BOGOTA (Reuters) – Video assistant referees (VARs) will be used at the World Cup for the first time in this year’s finals in Russia, FIFA president Gianni Infantino said on Friday, and teams will be allowed a fourth substitute in matches that go to extra-time.
The use of the VAR system was approved earlier this month by the rule-making body IFAB, despite controversy in some of the competitions in which it has been trialled over the time taken to make decisions and lack of information for spectators.
“We are going to have our first World Cup with video assisted refereeing,” Infantino told reporters after a meeting of the FIFA Council.
“It’s an essential decision, very important and historical decision.”
The system allows the referee or the video assistant to review decisions where a “clear and obvious” error is spotted. It has been trialled in Germany’s Bundesliga and Italy’s Serie A this season and some English FA and League Cup games, among others.
Infantino said VAR had been shown to reduce the number of refereeing mistakes in matches where it has been used and would help football become “a fairer and more transparent sport”.
“It’s not possible that, in 2018, everyone in the stadium and their living room knows if a referee has made a big mistake or not, and the only one who doesn’t know is the referee,” Infantino added.
Infantino had repeatedly promised that VAR would be used at the June 14-July 15 World Cup and has made it one of his priorities since being elected FIFA chief in February, 2016.
FIFA later said in a statement that, where matches went to extra-time, teams would be allowed a fourth substitute, a rule change also approved by IFAB.
Infantino said the hosts for the 2026 World Cup, to be decided at the FIFA Congress in Moscow in June, would be chosen in an open vote by its member national associations and details of how they voted would be published.
He confirmed that there were two candidates — Morocco against a joint bid from the United States, Canada and Mexico.
Both bids will be evaluated first by a task force and disqualified if they did not meet FIFA’s technical criteria.
Infantino also said he did not have any concerns surrounding political issues involving Russia.
Relations between Britain and Russia have crashed to a post-Cold War low after over an attack involving a military-grade nerve agent on English soil.
Moscow has denied any involvement in the attempted murder of former Russian double agent Sergei Skripal and his daughter.
However, Britain, the United States, Germany and France on Thursday jointly called on Russia to explain the attack.
Some officials have said Britain may reconsider the attendance of official representatives at the World Cup, with England having qualified for the tournament.

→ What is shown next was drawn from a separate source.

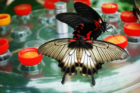 Pink Rose butterfly Pachliopta kotzebuea in EDINBURGH BUTTERFLY and INSECT WORLD.Selected focus.
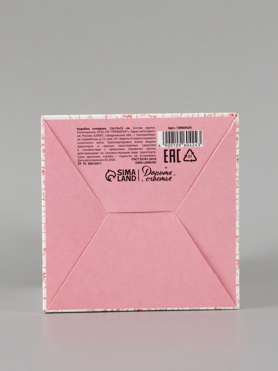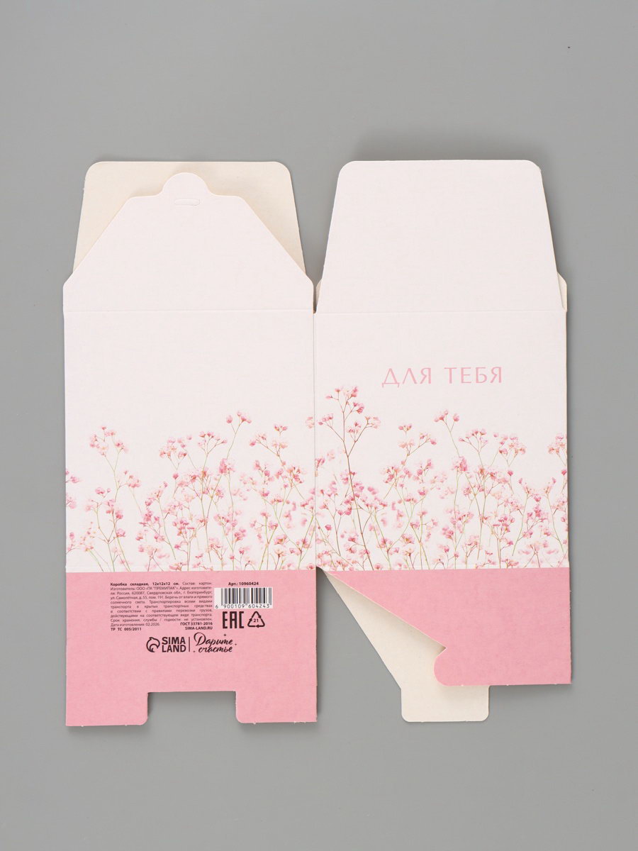 Вид: Квадратные, Складные коробки Размер упаковки: 24 x 27 x 0.2 см. tnved: 4819200000 Тематика праздника: Универсальная тематика Символ года: Нет Форма: Куб Окошко: Нет Крышка-дно: Нет Ширина, см: 12 Допустимый вес вложения, г: 350 Высота, см: 12 Плотность, г/?2: 250 Размер: Малый (11-17 см) см Дизайн: С рисунком, надписью Длина, см: 12 Цвет: Белый Тематика: Цветочно-растительная Подарочная коробка "Для тебя" это универсальная упаковка для тех, кто ценит простоту и стиль. Белый куб с нежным розовым цветочным рисунком и лаконичной надписью подходит для любого повода: от дня рождения до приятного сюрприза без официального предлога.

“We are not worried at all, we are here to organize a football tournament,” Infantino said.
“I know the Russian people are looking forward to welcoming people from all over the world. Political issues we leave to the politicians.”
FIFA said in its financial report that it had made a net loss of $192 million for 2017, although it had budgeted for a bigger deficit of $443 million.
The world ruling body said “rigorous cost control measures” had helped keep expenses below budget. It is still expecting to achieve a $100 million surplus for the 2015-18 cycle as FIFA receives a large proportion of its income in World Cup years.